The hacker attacks on some of America's biggest Web sites shows how vulnerable the Internet is to anonymous troublemakers. RFE/RL's Andrew F. Tully looks at how vulnerable the Web is, and what can be done to protect it.

Washington, 11 February 2000 (RFE/RL) -- What makes the World Wide Web so useful also makes it easy prey for malicious attack.

The web, as its name suggests, is nothing more than the network of common telephone lines that blanket the Earth. Computers use these lines to exchange "packets" of digital data, whether they are sending and receiving e-mail or navigating from one website to another.

The routes these "packets" take vary, depending on which telephone lines have available capacity, or "bandwidth," to carry them. If a computer user regularly sends e-mail to a given friend, his message rarely takes the same route twice.

And yet the e-mail invariably reaches its destination, usually within seconds, regardless of whether the route is direct or circuitous.

This surprisingly cooperative network of telephone lines also serves as the Internet's big weakness. Because data "packets" travel unpredictable routes to their destinations, the senders of the packets can hide their origins and often avoid being traced.

This is the task facing the U.S. Federal Bureau of Investigation (FBI) as it looks for the hacker -- or hackers -- responsible for crippling several of the most prominent websites in America. Targeted sites included Yahoo.com, CNN.com, and, on Wednesday, the stock-trading site E*Trade.com.

Ron Dick is the director of the FBI's National Infrastructure Protection Center. At a news conference on Wednesday with U.S. Attorney General Janet Reno, he made it clear that the FBI is aware tracking the people responsible will be difficult.

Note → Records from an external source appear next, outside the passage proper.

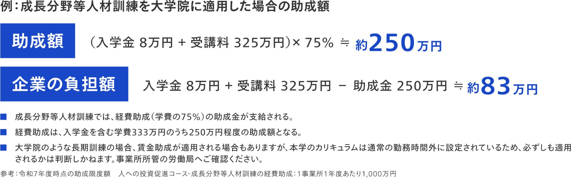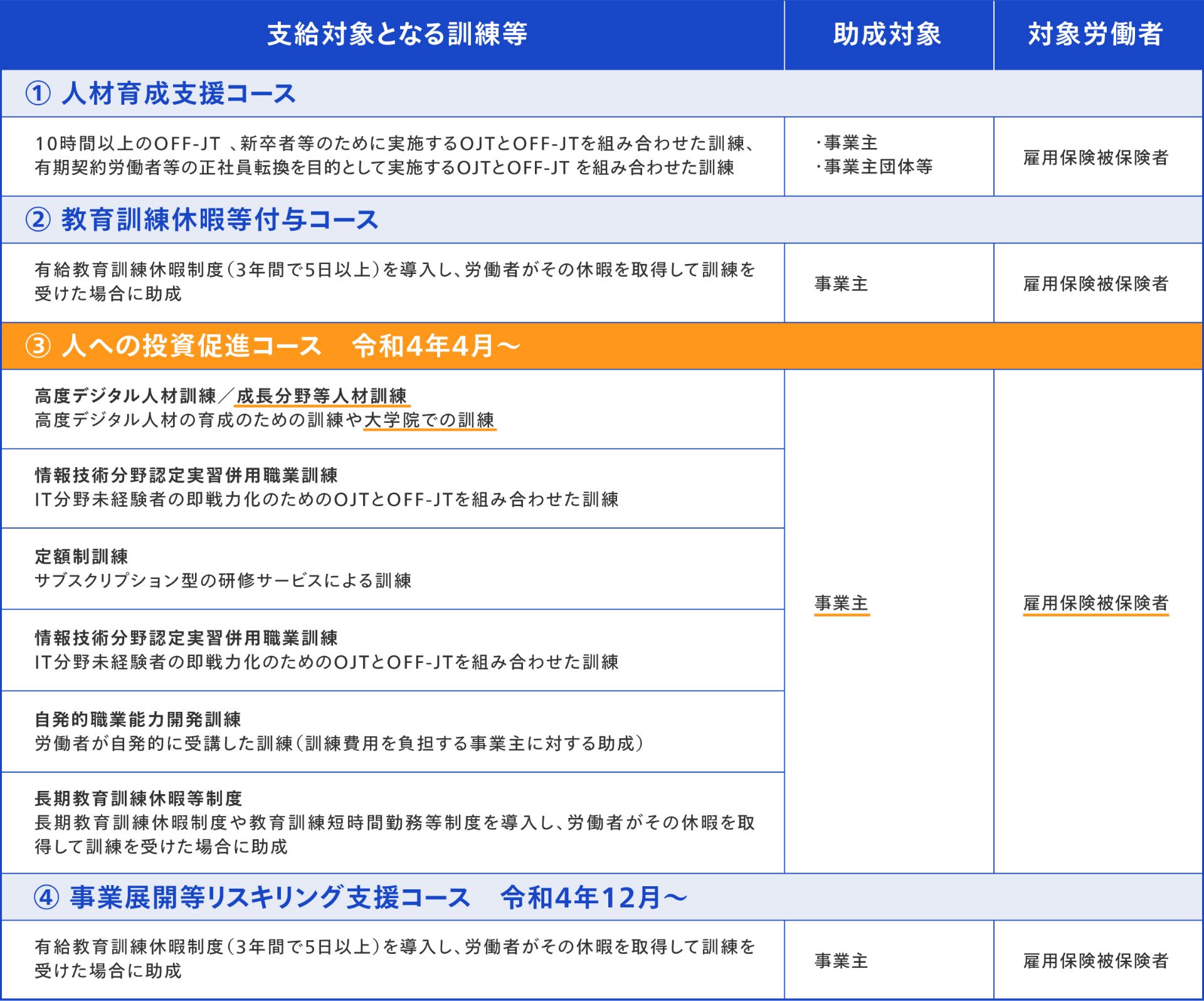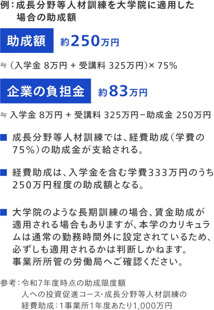 本助成金は4つのコースに大別され、このうち、本学が提供するMBA課程は「人への投資促進コース(成長分野等人材訓練)」に該当します。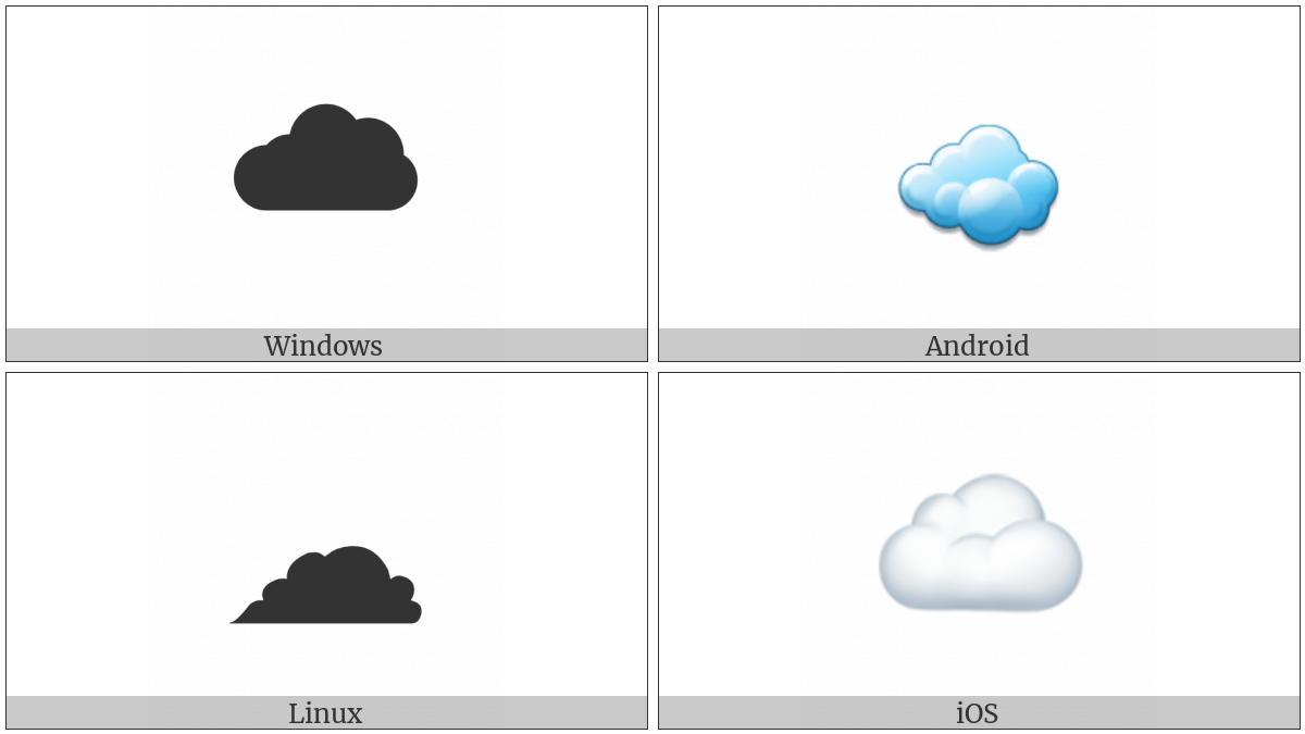 The image below shows how the “Cloud” symbol might look like on different operating systems. If the font in which this web site is displayed does not contain the symbol and there is no fallback font able to render it, you can use the image below to get an idea of what it should look like.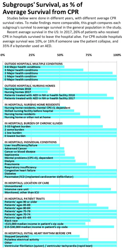 137. ^ a b c d Abbo ED, Yuen TC, Buhrmester L, Geocadin R, Volandes AE, Siddique J, et al. (January 2013). "Cardiopulmonary resuscitation outcomes in hospitalized community-dwelling individuals and nursing home residents based on activities of daily living". Journal of the American Geriatrics Society. 61 (1): 34–39. doi:10.1111/jgs.12068. PMID 23311551. S2CID 36483449.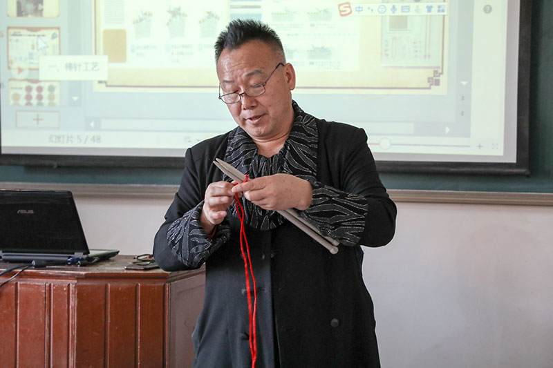 柳力巍老师通过《服饰手工艺》中的手针工艺、编结工艺、编织工艺的理论讲解和实践训练,重点阐述了被列为世界非遗中的刺绣、古典而又现代的棒钩针基本针法和具有民族特色的中国结艺。详细展示了服饰手工艺之技法,从而解决了学生如何选材、选工具,正确穿针引线等一系列实际操练问题,为后续服装设计与制作课打下坚实的基础。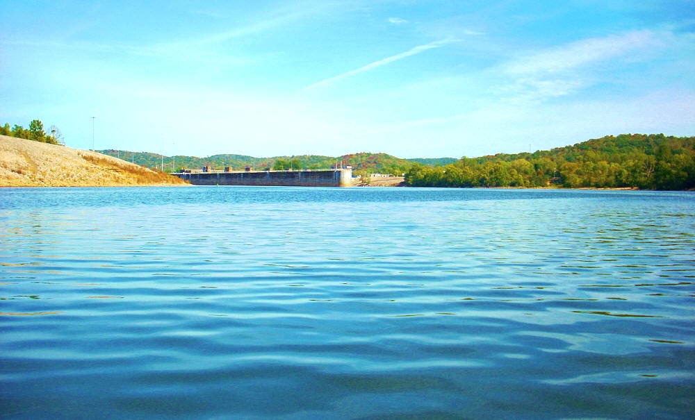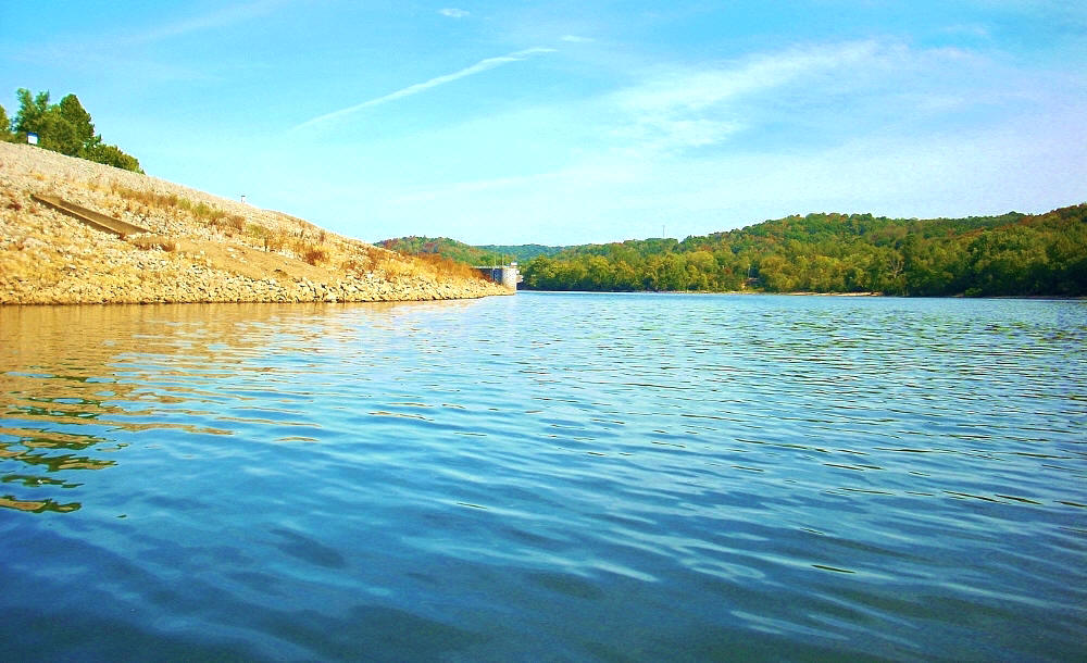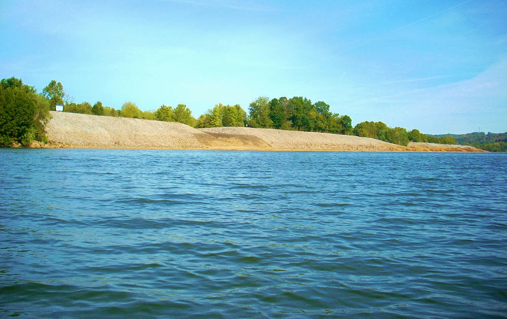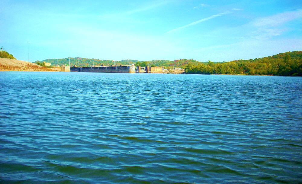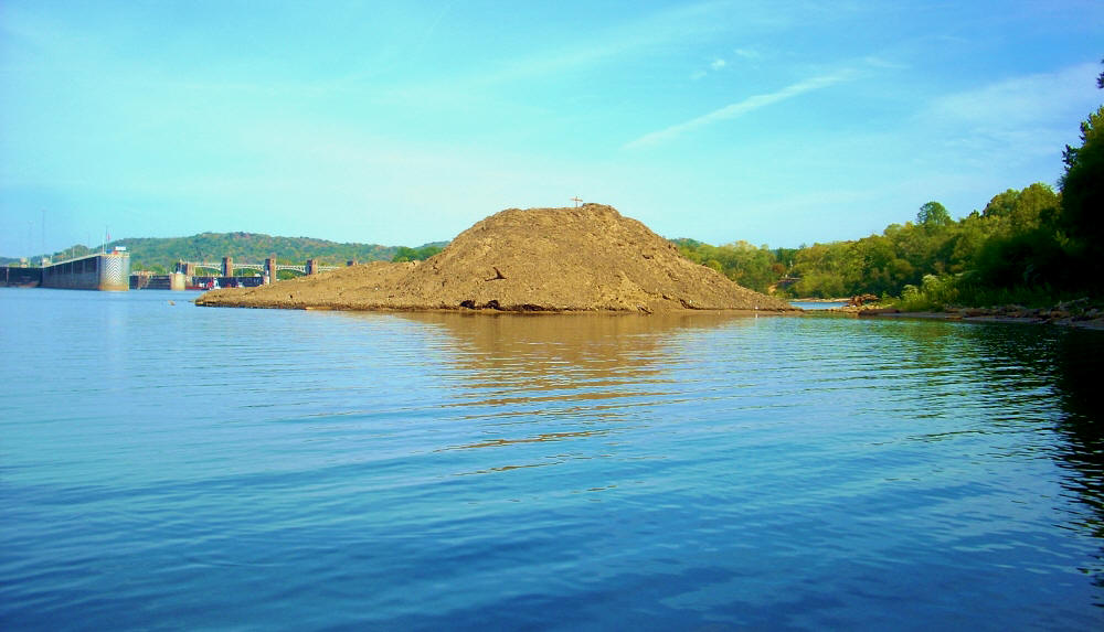 From this point you're looking at another long straight section that extends for about another 2 1/2 miles and down at the end you'll note what looks like a large pile of sand. Well, that pile lies directly across the river from the point at which the lock chamber deposits the boats coming downriver. You can't see the lock wall yet or even the dam itself due to the sharp curve down there.

"It's highly likely that the origin of these attacks on these businesses are not from witting or knowing individuals or businesses. They probably are unwitting people. Their businesses or systems have been intruded into. Tools by which to launch these attacks have been placed there without their knowledge. And someone at a remote location is controlling those tools to launch attacks against the victims that have been highlighted in the media here recently."

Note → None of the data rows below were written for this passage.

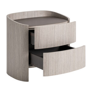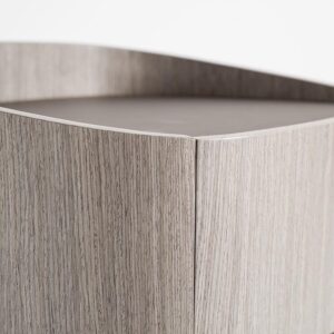 Mesita de noche Burkina de estilo contemporáneo fabricado en madera contrachapada en color gris combinado con chapa de roble en color gris y cuero en color gris.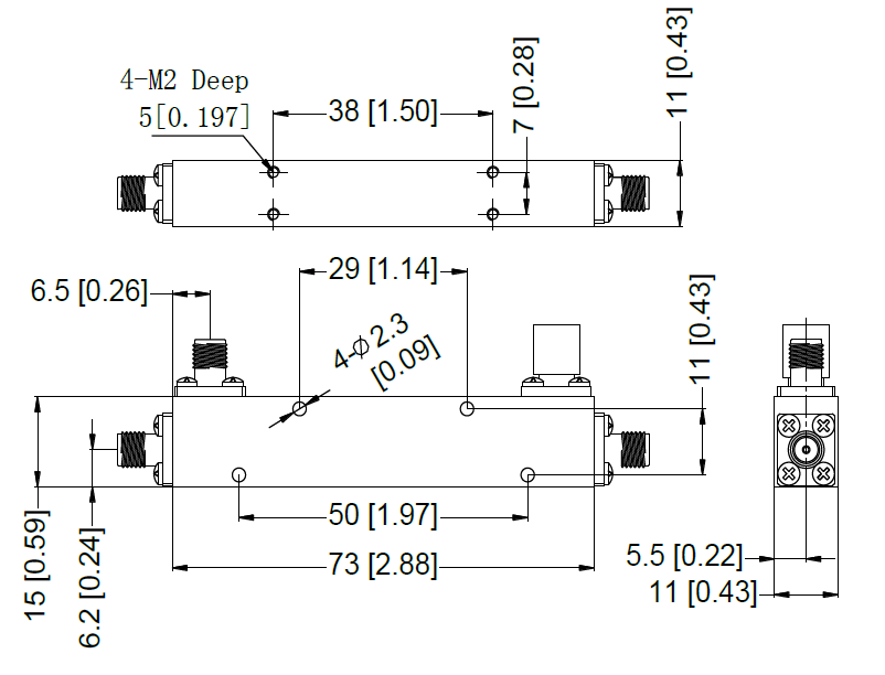 - Вносимые потери: 0.8 дБ тип, 0.9 дБ макс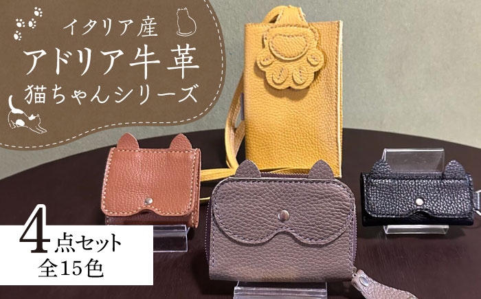 毎日手に触れる物は気持ちの良い手触りが一番 【職人手作り】猫ちゃんシリーズ4点セット・イタリア産アドリア牛革(全商品の色が選べる15色) 《築上町》 【たけもとかばん】 革製品 レザー 牛革 [ABAM020]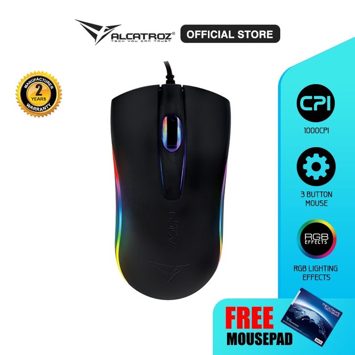 TERBARU Mouse Gaming Alcatroz Asic 9 RGB Wired USB Mouse With RGB FX | 1000 CPI High Resolution Optical Mouse [ 2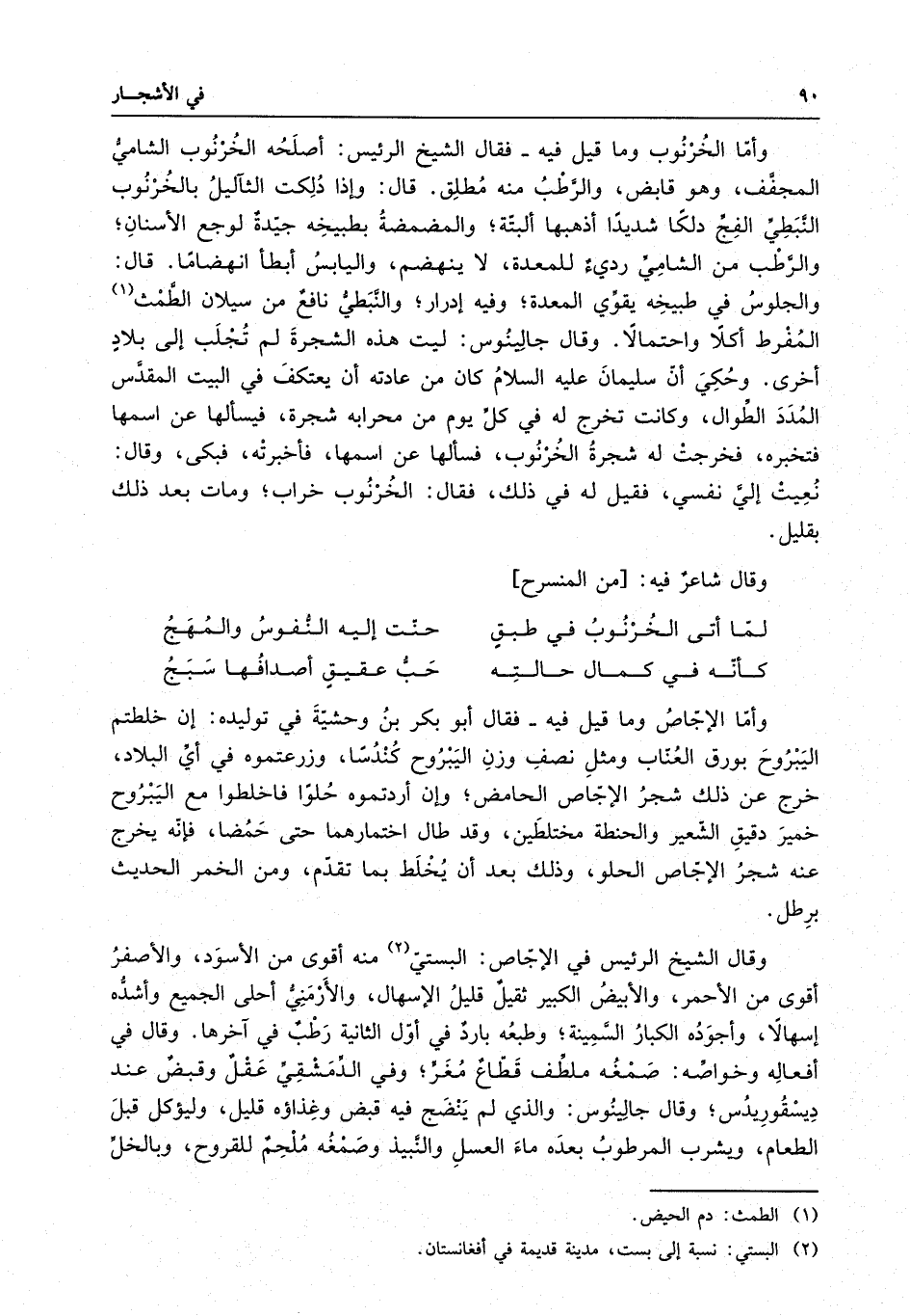 الخُرْنُوب وما قيل فيه - : فقال الشيخ الرئيس : أصلحه الخُرْنُوب الشامي المجفف ، وهو قابض ، والرطب منه مطلق . قال : وإذا دلكت الثآليلُ بالخرنوب النبطي الفج دلكا شديدا أذهبها البتة ، والمضمضةٌ بطبيخه جيدةٌ لوجع الأسنان ، والرطب من الشامي رديء للمعدة ، لا ينهضم ، واليابس أبطأ انهضاما . وقال : والجلوس في طبيخه يقوي المعدة ، وفيه إدرار ، والنبطي نافعُ من سيلان الطمث المفرط أكلاً واحتمالاً . وقال جالينوس : ليت هذه الشجرة لم تجلب إلى بلادٍ أخرى . وحُكي أن سليمان عليه السلام كان من عادته أن يعتكف في البيت المقدس المدد الطوال ، وكانت تخرج له في كل يوم من محرابه شجرة ، فيسألها عن اسمها فتخبره ، فخرجت له شجرة الخرنوب ، فسألها عن اسمها ، فأخبرته ، فبكى ، وقال نُعيتْ إلى نفسي ، فقيل له ذلك ، فقال : الخرنوب خراب ، ومات بعد ذلك بقليل ، وقال الشاعر فيه :

Because of this, Dick said, preventing such attacks cannot be the role of a single organization.

"Security in the Internet is a community effort. It is not something that can be done by any one organization, any one federal agency, the government itself. It is a partnership between all of us, and the most important partner is the private sector itself. And your security, or the security of systems within the private sector -- or the lack thereof -- can cause harm to other as exemplified in the things that we've seen gone on the last couple of days."

Solveig Singleton is the director of information studies at the Cato Institute, a Washington think-tank. She agrees with Dick that security cannot come from just the FBI or the U.S. National Security Agency (NSA). She told RFE/RL on Thursday that it must come from every user of the Internet.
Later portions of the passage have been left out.